_DATA FOR PROCESSING:_
BEGIN

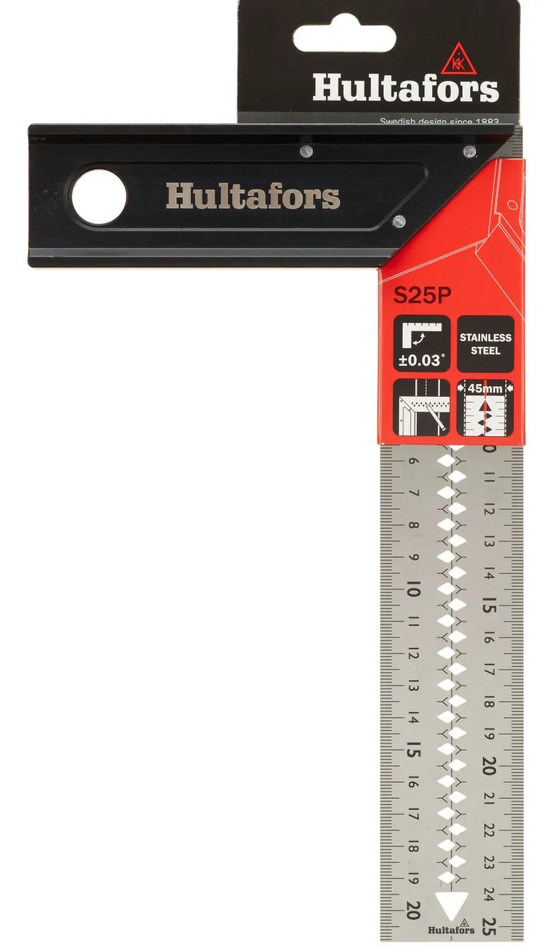 Hultafors Pro S25P on ammattikäyttöön kehitetty kestävä tarkkuussuorakulma. Merkintälovet merkitsemiseen tai tukemiseen kipsilevyjen yms. leikkaamisessa. Syväetsattu millimetriasteikko 45 mm leveän terän molemmilla puolilla. Reikä varmistusnauhaan kiinnittämistä varten. Terä on valmistettu ruostumattomasta teräksestä, koko 1,5 x 45 mm. Toleranssi +/-0,03 astetta.
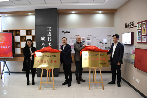 院长吴磊、副院长魏正启,相城区教育副局长缪芙蓉,相城高新区(元和街道)党工委委员王志强共同为“久久小说 教育实习基地”和“久久小说 交响乐团教育实践基地”揭牌。
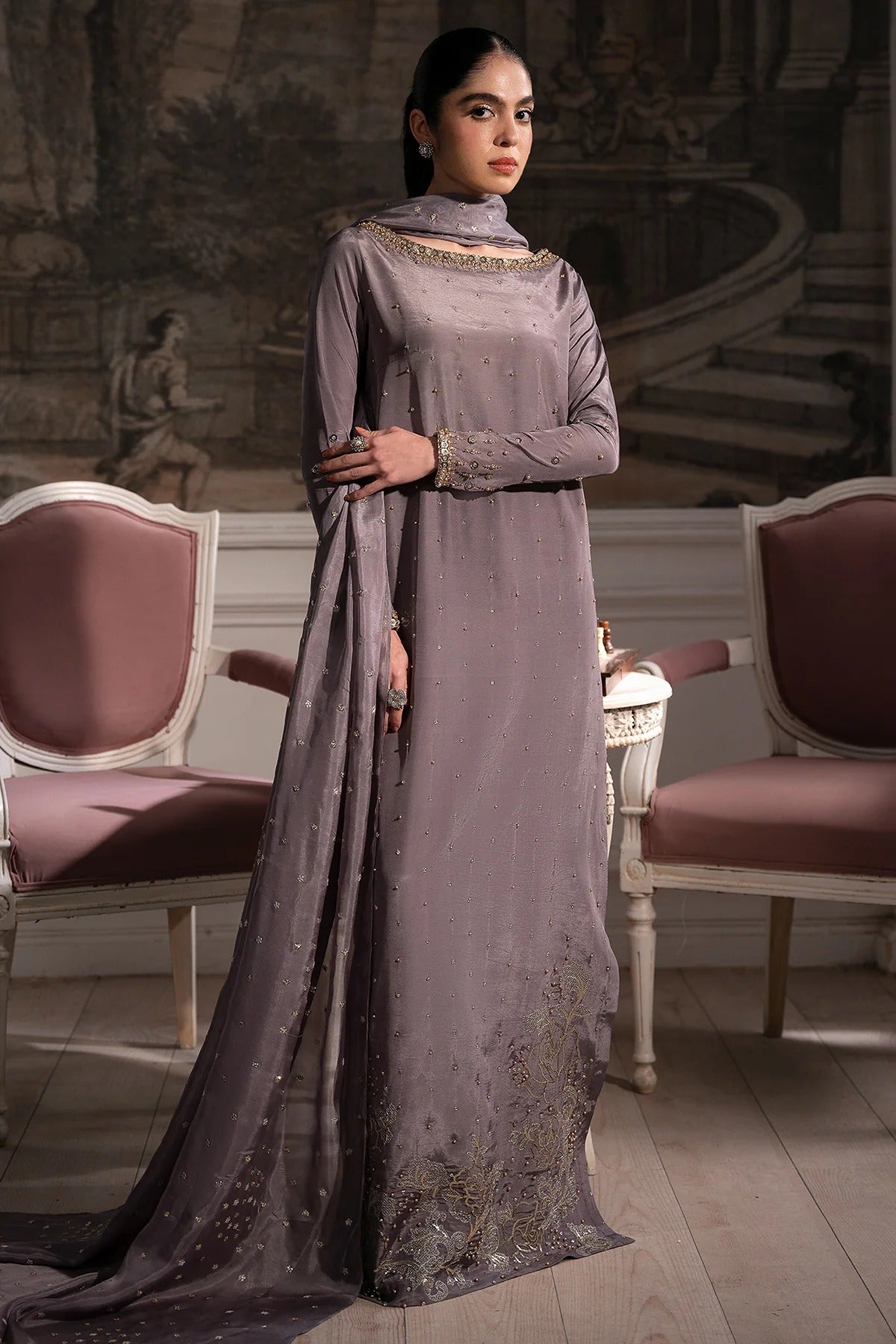 - Work Details: Intricately embellished on embroidered base
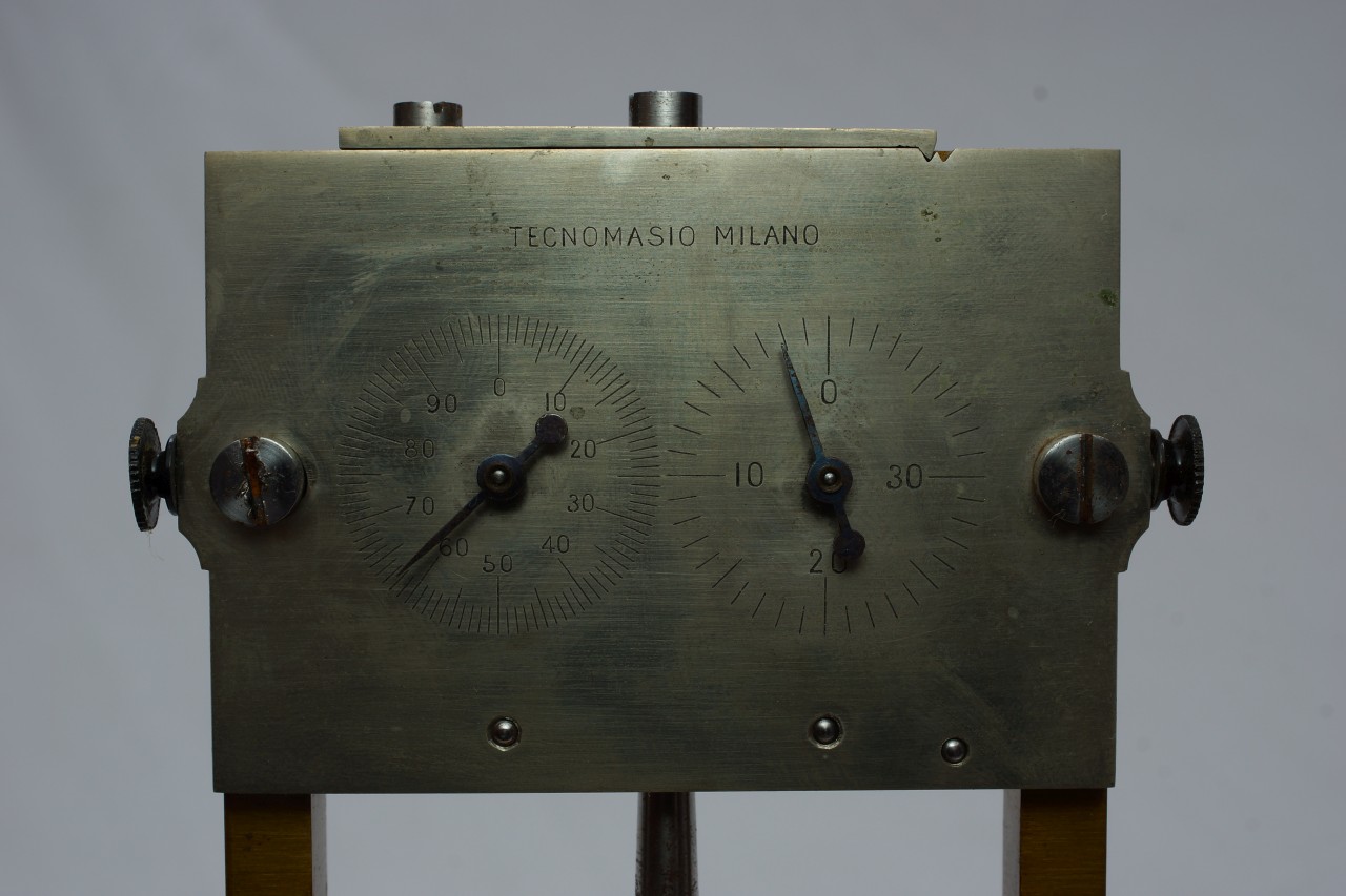 - ISCRIZIONI sul pannello con i contagiri - TECNOMASIO MILANO - ditta costruttrice Tecnomasio Italiano - maiuscolo - a incisione - italiano
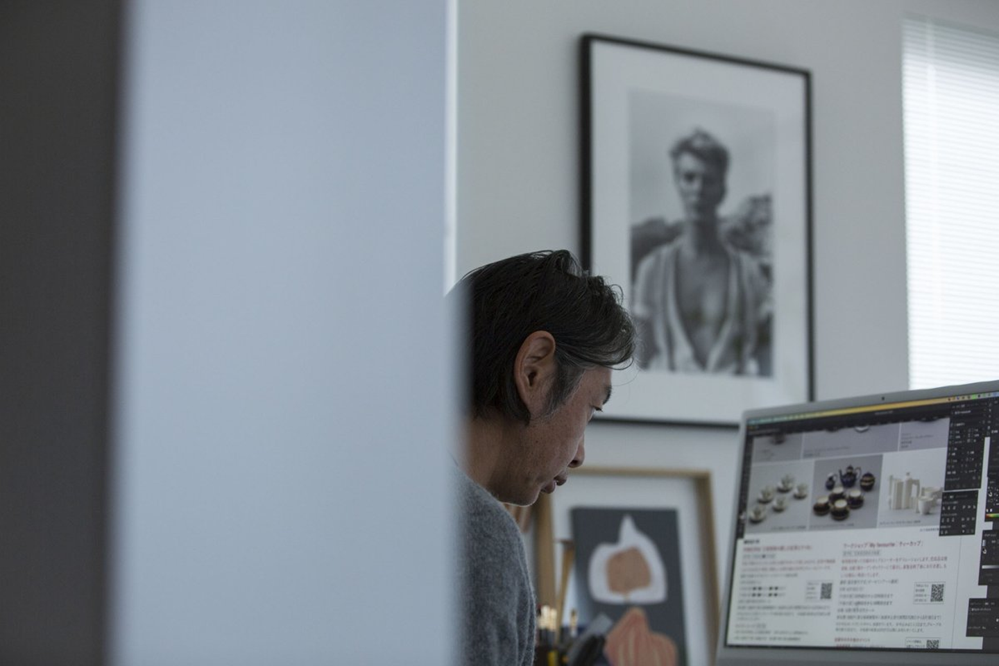 事務所で作業中
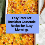 This Tater Tot Breakfast Casserole is a hearty and comforting dish perfect for any morning. Combining crispy frozen tater tots, diced ham, and a cheesy egg mixture, it’s baked to golden perfection and topped with melted cheese for extra richness. Ideal for feeding a crowd or meal prepping, this casserole offers flexibility with meat options and easy make-ahead and freezer-friendly features.
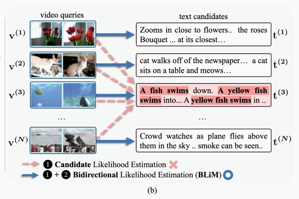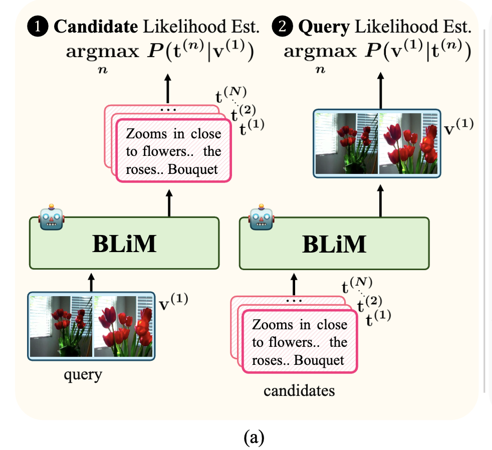 이를 해결하기 위해 본 논문에서는 Bidirectional Likelihood Estimation with MLLM(BLiM)을 제안했습니다. 상단 Figure 1(a)와 같이, BLiM은 비디오로부터 텍스트를 생성하는 likelihood와 텍스트로부터 비디오를 생성하는 likelihood를 함께 고려하여, 쿼리–후보 간의 의미적 정합성에 더 집중하도록 설계하였다고 합니다. 또한 저자들은 candidate likelihood에 포함된 prior 효과를 완화하기 위해, 학습 없이 적용 가능한 Candidate Prior Normalization(CPN) 기법을 함께 제안하였는데, 자세한 내용은 리뷰를 통해 알아보겠습니다.

END

_TASK PROMPT:_ Word for word, write out the full listing, leaving the pictures aside.

_YOUR SOLUTION:_
 Hultafors Pro S25P on ammattikäyttöön kehitetty kestävä tarkkuussuorakulma. Merkintälovet merkitsemiseen tai tukemiseen kipsilevyjen yms. leikkaamisessa. Syväetsattu millimetriasteikko 45 mm leveän terän molemmilla puolilla. Reikä varmistusnauhaan kiinnittämistä varten. Terä on valmistettu ruostumattomasta teräksestä, koko 1,5 x 45 mm. Toleranssi +/-0,03 astetta.
 院长吴磊、副院长魏正启,相城区教育副局长缪芙蓉,相城高新区(元和街道)党工委委员王志强共同为“久久小说 教育实习基地”和“久久小说 交响乐团教育实践基地”揭牌。
 - Work Details: Intricately embellished on embroidered base
 - ISCRIZIONI sul pannello con i contagiri - TECNOMASIO MILANO - ditta costruttrice Tecnomasio Italiano - maiuscolo - a incisione - italiano
 事務所で作業中
 This Tater Tot Breakfast Casserole is a hearty and comforting dish perfect for any morning. Combining crispy frozen tater tots, diced ham, and a cheesy egg mixture, it’s baked to golden perfection and topped with melted cheese for extra richness. Ideal for feeding a crowd or meal prepping, this casserole offers flexibility with meat options and easy make-ahead and freezer-friendly features.
 이를 해결하기 위해 본 논문에서는 Bidirectional Likelihood Estimation with MLLM(BLiM)을 제안했습니다. 상단 Figure 1(a)와 같이, BLiM은 비디오로부터 텍스트를 생성하는 likelihood와 텍스트로부터 비디오를 생성하는 likelihood를 함께 고려하여, 쿼리–후보 간의 의미적 정합성에 더 집중하도록 설계하였다고 합니다. 또한 저자들은 candidate likelihood에 포함된 prior 효과를 완화하기 위해, 학습 없이 적용 가능한 Candidate Prior Normalization(CPN) 기법을 함께 제안하였는데, 자세한 내용은 리뷰를 통해 알아보겠습니다.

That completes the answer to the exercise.